A Rubric-Supervised Critic from Sparse Real-World Outcomes
arXiv:2603.03800v1 Announce Type: new Abstract: Academic benchmarks for coding agents tend to reward autonomous task completion, measured by verifiable rewards such as unit-test success. In contrast, real-world coding agents operate with humans in the loop, where success signals are typically noisy, delayed, and sparse. How can we bridge this gap? In this paper, we propose a process to learn a "critic" model from sparse and noisy interaction data, which can then be used both as a reward model for either RL-based training or inference-time scaling. Specifically, we introduce Critic Rubrics, a rubric-based supervision framework with 24 behavioral features that can be derived from human-agent interaction traces alone. Using a semi-supervised objective, we can then jointly predict these rubrics and sparse human feedback (when present). In experiments, we demonstrate that, despite being trained primarily from trace-observable rubrics and sparse real-world outcome proxies, these critics imp
arXiv:2603.03800v1 Announce Type: new Abstract: Academic benchmarks for coding agents tend to reward autonomous task completion, measured by verifiable rewards such as unit-test success. In contrast, real-world coding agents operate with humans in the loop, where success signals are typically noisy, delayed, and sparse. How can we bridge this gap? In this paper, we propose a process to learn a "critic" model from sparse and noisy interaction data, which can then be used both as a reward model for either RL-based training or inference-time scaling. Specifically, we introduce Critic Rubrics, a rubric-based supervision framework with 24 behavioral features that can be derived from human-agent interaction traces alone. Using a semi-supervised objective, we can then jointly predict these rubrics and sparse human feedback (when present). In experiments, we demonstrate that, despite being trained primarily from trace-observable rubrics and sparse real-world outcome proxies, these critics improve best-of-N reranking on SWE-bench (Best@8 +15.9 over Random@8 over the rerankable subset of trajectories), enable early stopping (+17.7 with 83% fewer attempts), and support training-time data curation via critic-selected trajectories.
Executive Summary
This article proposes a novel approach to learning a 'critic' model from sparse and noisy interaction data, bridging the gap between academic benchmarks and real-world coding agents. By introducing Critic Rubrics, a rubric-based supervision framework, the authors demonstrate improved performance in reranking, early stopping, and data curation. The results show promising applications in semi-supervised learning and real-world coding agent evaluation. However, the article could benefit from further discussion on the generalizability of Critic Rubrics to diverse domains and the potential trade-offs between rubric-based supervision and other methods.
Key Points
- ▸ The proposal of Critic Rubrics, a rubric-based supervision framework for learning a critic model.

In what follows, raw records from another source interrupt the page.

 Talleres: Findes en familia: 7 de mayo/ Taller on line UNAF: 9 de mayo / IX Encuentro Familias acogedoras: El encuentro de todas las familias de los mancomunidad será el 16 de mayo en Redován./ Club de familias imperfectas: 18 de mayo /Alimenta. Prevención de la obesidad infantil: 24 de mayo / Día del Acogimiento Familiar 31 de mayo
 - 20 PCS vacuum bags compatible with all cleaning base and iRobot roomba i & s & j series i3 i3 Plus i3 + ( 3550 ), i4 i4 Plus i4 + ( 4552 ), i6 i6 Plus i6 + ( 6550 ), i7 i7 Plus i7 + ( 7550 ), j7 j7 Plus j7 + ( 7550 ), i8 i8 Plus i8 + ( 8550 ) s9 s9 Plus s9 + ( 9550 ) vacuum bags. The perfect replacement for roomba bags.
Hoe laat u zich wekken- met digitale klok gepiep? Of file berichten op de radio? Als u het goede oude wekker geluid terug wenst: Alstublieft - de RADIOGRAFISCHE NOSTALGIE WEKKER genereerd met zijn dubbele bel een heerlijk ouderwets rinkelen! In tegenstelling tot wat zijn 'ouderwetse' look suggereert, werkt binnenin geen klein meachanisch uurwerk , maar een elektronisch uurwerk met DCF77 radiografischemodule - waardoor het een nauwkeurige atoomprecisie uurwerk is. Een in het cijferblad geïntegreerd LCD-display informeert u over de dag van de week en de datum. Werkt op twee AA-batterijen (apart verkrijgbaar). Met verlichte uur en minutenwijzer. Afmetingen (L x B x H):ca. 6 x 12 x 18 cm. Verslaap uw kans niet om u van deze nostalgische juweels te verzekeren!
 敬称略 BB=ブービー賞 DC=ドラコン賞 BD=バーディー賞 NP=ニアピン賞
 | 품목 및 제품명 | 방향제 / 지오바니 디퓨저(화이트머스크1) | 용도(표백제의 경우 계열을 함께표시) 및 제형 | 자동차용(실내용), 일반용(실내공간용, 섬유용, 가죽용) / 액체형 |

- ▸ The use of semi-supervised learning to jointly predict rubrics and sparse human feedback.
- ▸ The demonstration of improved performance in reranking, early stopping, and data curation.
Merits
Strength in Semi-Supervised Learning
The use of semi-supervised learning enables the joint prediction of rubrics and sparse human feedback, leveraging the strengths of both labeled and unlabeled data.
Demerits
Limited Generalizability
The article focuses on a specific domain and may not generalize to diverse domains, highlighting the need for further exploration and validation.
Expert Commentary
This article presents a promising approach to learning a critic model from sparse and noisy interaction data, leveraging the strengths of rubric-based supervision and semi-supervised learning. While the results are encouraging, further research is needed to address the limitations of generalizability and explore potential trade-offs with other methods. The implications of this work extend beyond the coding agent domain, contributing to the broader research on real-world agent evaluation and the development of more robust and reliable evaluation methods.
Recommendations
- ✓ Future research should investigate the application of Critic Rubrics to diverse domains and the exploration of potential trade-offs with other evaluation methods.
- ✓ The proposed approach should be integrated with existing coding agent evaluation frameworks to enhance the efficiency and effectiveness of real-world coding agent development.